FileChannel在Flume是一个非常重要的Channel,FileChannel可以很好的保证数据的完整性和一致性,提供了类似mysql binlog的机制,保证机器down机,JVM异常退出时数据不丢失,在采集数据量很大的情况下,建议FileChannel设置的目录和程序日志文件保存的目录设成不同的磁盘,以便提高效率。
FileChannel的简易类结构:
FileChannel的内部事务类,FileBackedTransaction:
文件操作类:LogFile(LogFileV2在1.7已经被舍弃):
还有其他几个比较重要的类:
FlumeEventQueue,LogFile,Log,LogUtils。
一,初始化过程:public void configure(Context context)
1,useDualCheckpoints(是否需要备份检查点)
2,compressBackupCheckpoint(是否压缩备份节点)
3,checkpointDir(检查点目录,默认在${user.home}目录下)
4,dataDirs(数据节点目录)
5,capacity(获取配置的容量)
6,keepAlive(超时时间,就是如果channel中没有数据最长等待时间)
7,transactionCapacity(事务的最大容量)
注意:capacity的值一定要大于transactionCapacity,不然会报错,看源码:
Preconditions.checkState(transactionCapacity <= capacity,
"File Channel transaction capacity cannot be greater than the " +
"capacity of the channel.");
8,checkpointInterval(log的检查间隔)
9,maxFileSize(最大文件的大小,默认是1.5G)
10,minimumRequiredSpace(最少需要多少空间,默认是500M)
11,useLogReplayV1(使用旧重放逻辑)
12,useFastReplay(不使用队列重放)
13,keyProvider(KEY供应商的类型,支持的类型:JCEKSFILE)

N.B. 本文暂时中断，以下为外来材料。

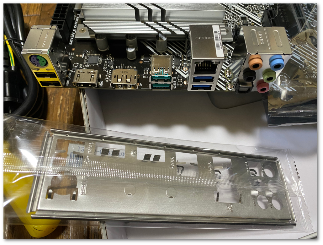 それぞれのマザーボードのジャックの配置はそれぞれ違うので、バックボードが付いている。
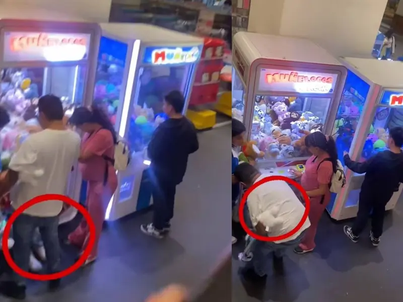 En el video, se observa a un hombre y una mujer embarazada ayudando a una niña pequeña a introducirse por el orificio de la máquina, por donde normalmente caen los premios. La menor, debido a su tamaño, logra entrar con facilidad mientras los padres la guían para que saque los peluches sin necesidad de jugar. Junto a ellos también se encontraba un niño de aproximadamente 12 años, presuntamente el hermano de la niña.

14,activeKey(用于加密新数据的密钥名称)
15,cipherProvider(加密提供程序类型,支持的类型:AESCTRNOPADDING)
二,start()方法:
@Override
public synchronized void start() {
LOG.info("Starting {}...", this);
try {
Builder builder = new Log.Builder();
builder.setCheckpointInterval(checkpointInterval);
builder.setMaxFileSize(maxFileSize);
builder.setMinimumRequiredSpace(minimumRequiredSpace);
builder.setQueueSize(capacity);
builder.setCheckpointDir(checkpointDir);
builder.setLogDirs(dataDirs);
builder.setChannelName(getName());
builder.setUseLogReplayV1(useLogReplayV1);
builder.setUseFastReplay(useFastReplay);
builder.setEncryptionKeyProvider(encryptionKeyProvider);
builder.setEncryptionKeyAlias(encryptionActiveKey);
builder.setEncryptionCipherProvider(encryptionCipherProvider);
builder.setUseDualCheckpoints(useDualCheckpoints);
builder.setCompressBackupCheckpoint(compressBackupCheckpoint);
builder.setBackupCheckpointDir(backupCheckpointDir);
builder.setFsyncPerTransaction(fsyncPerTransaction);
builder.setFsyncInterval(fsyncInterval);
builder.setCheckpointOnClose(checkpointOnClose);//以上是将configure方法获取到的参数,set到Builder对象
log = builder.build();
//builder.build();方法通过Builder创建Log对象
//并且尝试获取checkpointDir和dataDir文件锁,Log类中的private void lock(File dir) throws IOException方法就是用来尝试过去锁的
log.replay();
//1,首先获取到checkpointDir的写锁
//2,获取最大的fileID
//3,读取log文件根据record的类型进行相应的操作,进行恢复;遍历所有的data目录
//4,将queue刷新到相关文件
open = true;//表示打开channel
int depth = getDepth();
Preconditions.checkState(queueRemaining.tryAcquire(depth),
"Unable to acquire " + depth + " permits " + channelNameDescriptor);
LOG.info("Queue Size after replay: " + depth + " "
+ channelNameDescriptor);
} catch (Throwable t) {
open = false;
startupError = t;
LOG.error("Failed to start the file channel " + channelNameDescriptor, t);
if (t instanceof Error) {
throw (Error) t;
}
}
if (open) {
//计数器开始统计
channelCounter.start();
channelCounter.setChannelSize(getDepth());
channelCounter.setChannelCapacity(capacity);
}
super.start();
}
org.apache.flume.channel.file.Log类用来将Event写入磁盘并将指向这些event的指针存入一个内存队列FlumeEventQueue中。并且启动一个线程,每过checkpointInterval毫秒写一次检查点log.writeCheckpoint()。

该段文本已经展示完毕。